Real-life impact of COVID-19 pandemic lockdown on the management of pediatric and adult asthma: A survey by the EAACI Asthma Section
Eguiluz-Gracia I, van den Berge M, Boccabella C, et al.
Background: The restrictions imposed by the COVID-19 pandemic impact heavily the management of chronic diseases like asthma. This study aimed to evaluate the management of adults and children with asthma during COVID-19-related lockdown.
Methods: A survey was launched by the European Academy of Allergy and Clinical Immunology (EAACI) via e-mail, website, and social media to EAACI members and members of peer societies.

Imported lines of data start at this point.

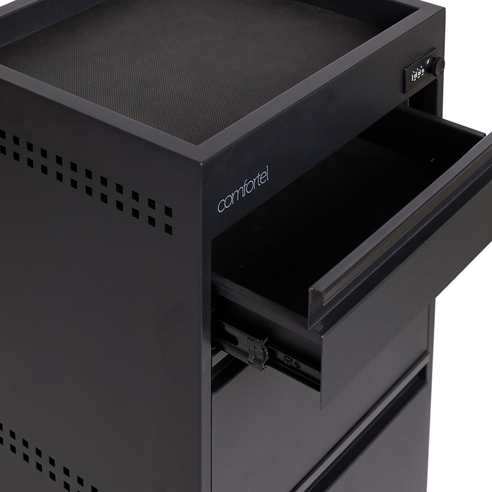 Para los amantes de las líneas limpias, minimalistas y elegantes. Diseñado por el equipo de Comfortel, este carro de peluquería en acabado metálico negro mate dispone de 4 amplios cajones con cerradura de combinación. Este carro metálico con recubrimiento en polvo viene con una amplia bandeja superior, una alfombrilla extraíble resistente al calor y las características ruedas repelentes de pelo de Comfortel.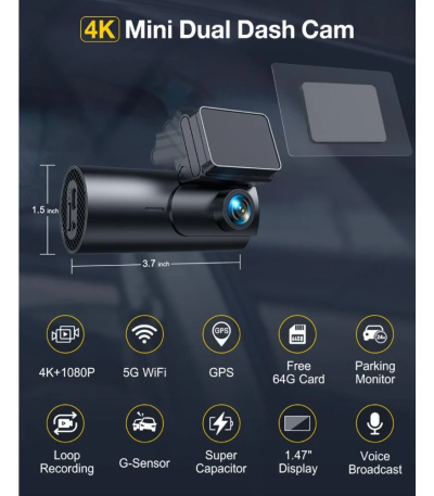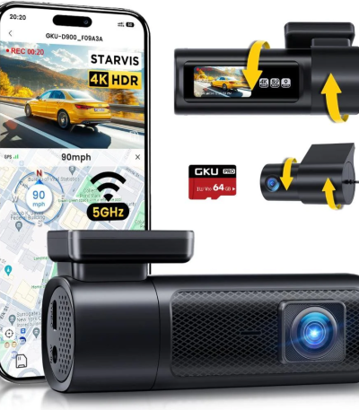 GKU D600 Avant et Arriere 4K/2.5K WiFi 5.8Ghz Dash Cam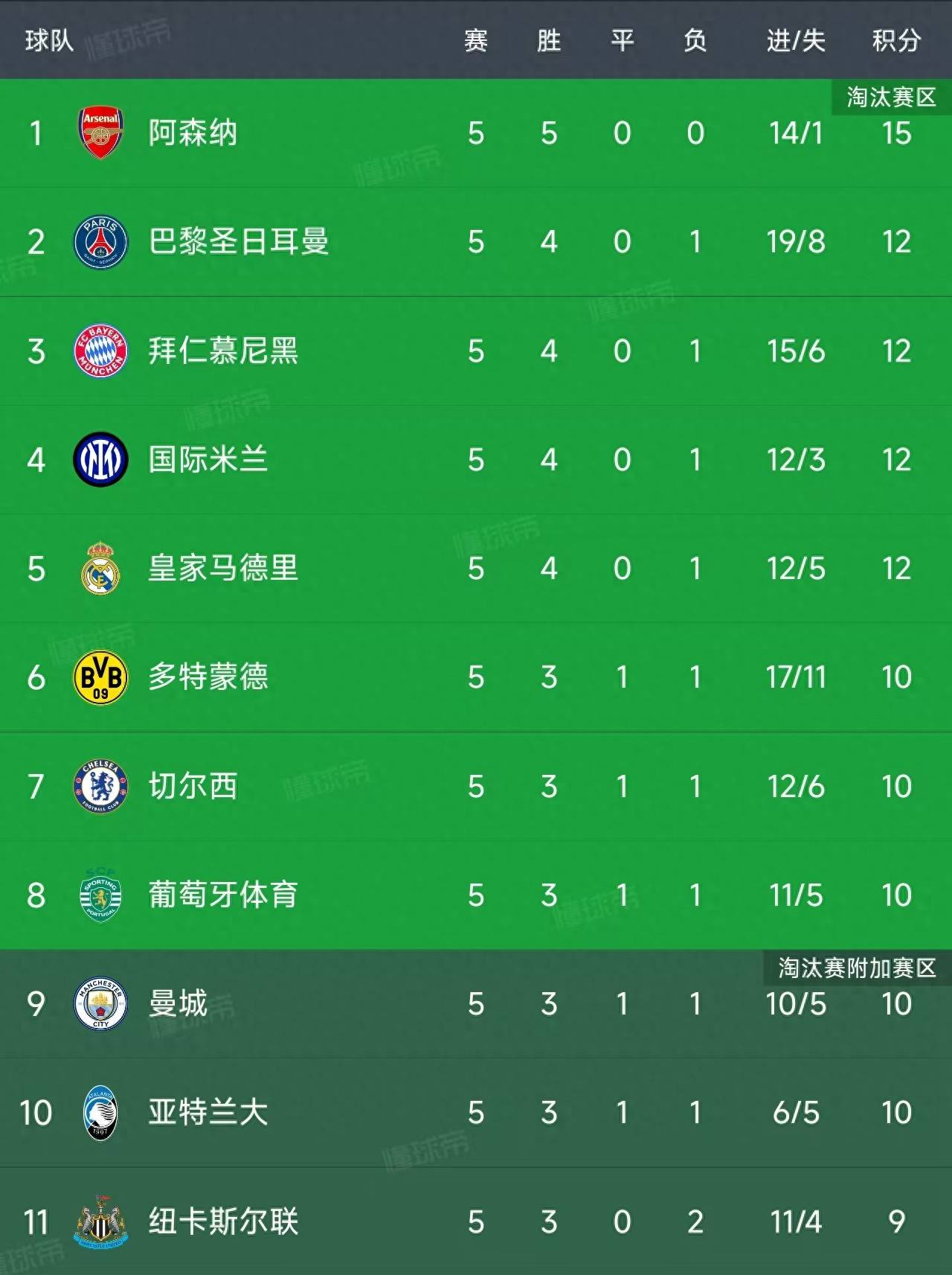 欧冠第5轮战罢:最新积分榜出炉,各队命运如何?

Results: The survey was completed by 339 healthcare professionals from 52 countries.79% of follow-up consultations were replaced by phone calls, whereas 49% of newly referred patients attended the clinic. 62%, 76%, 66%, 76%, and 87% of responders did not conduct spirometry, impulse oscillometry, bronchodilator test, FeNO, or methacholine provocation, respectively, for asthma diagnosis in adults. The numberswere similar for children. 73% of responders based the initial asthma diagnosis and the prescription of inhaled therapy on clinical parameters only. Lung function tests were used in 29% of cases to monitor asthma worsening, and only 56% of participants were recommended to their patients ambulatory peak expiratory flow (PEF) measurements. Using a 1 (not at all) to 5 (very much) scale, the responders considered that the quality of healthcare provided and the patients’ asthma status had deteriorated during the lockdown with 3.2 points and 2.8 points, respectively.
Conclusion: Collectively, these results suggest that all necessary resources should be allocated to ensure the performance of lung function tests for initial diagnosis, whereas digital remote monitoring should be reinforced for the follow-up of children and adults with asthma
Regulatory B cells, A to Z
Jansen K, Cevhertas L, Ma S, Satitsuksanoa P, Akdis M, van de Veen W.
Abstract: B cells play a central role in the immune system through the production of antibodies. During the past two decades, it has become increasingly clear that B cells also have the capacity to regulate immune responses through mechanisms that extend beyond antibody production. Several types of human and murine regulatory B cells have been reported that suppress inflammatory responses in autoimmune disease, allergy, infection, transplantation, and cancer. Key suppressive molecules associated with regulatory B-cell function include the cytokines IL-10, IL-35, and TGF-β as well as cell membrane-bound molecules such as programmed death-ligand 1, CD39, CD73, and aryl hydrocarbon receptor. Regulatory B cells can be induced by a range of different stimuli, including microbial products such as TLR4 or TLR9 ligands, inflammatory cytokines such as IL-6, IL-1β, and IFN-α, as well as CD40 ligation. This review provides an overview of our current knowledge on regulatory B cells. We discuss different types of regulatory B cells, the mechanisms through which they exert their regulatory functions, factors that lead to induction of regulatory B cells and their role in the alteration of inflammatory responses in different diseases.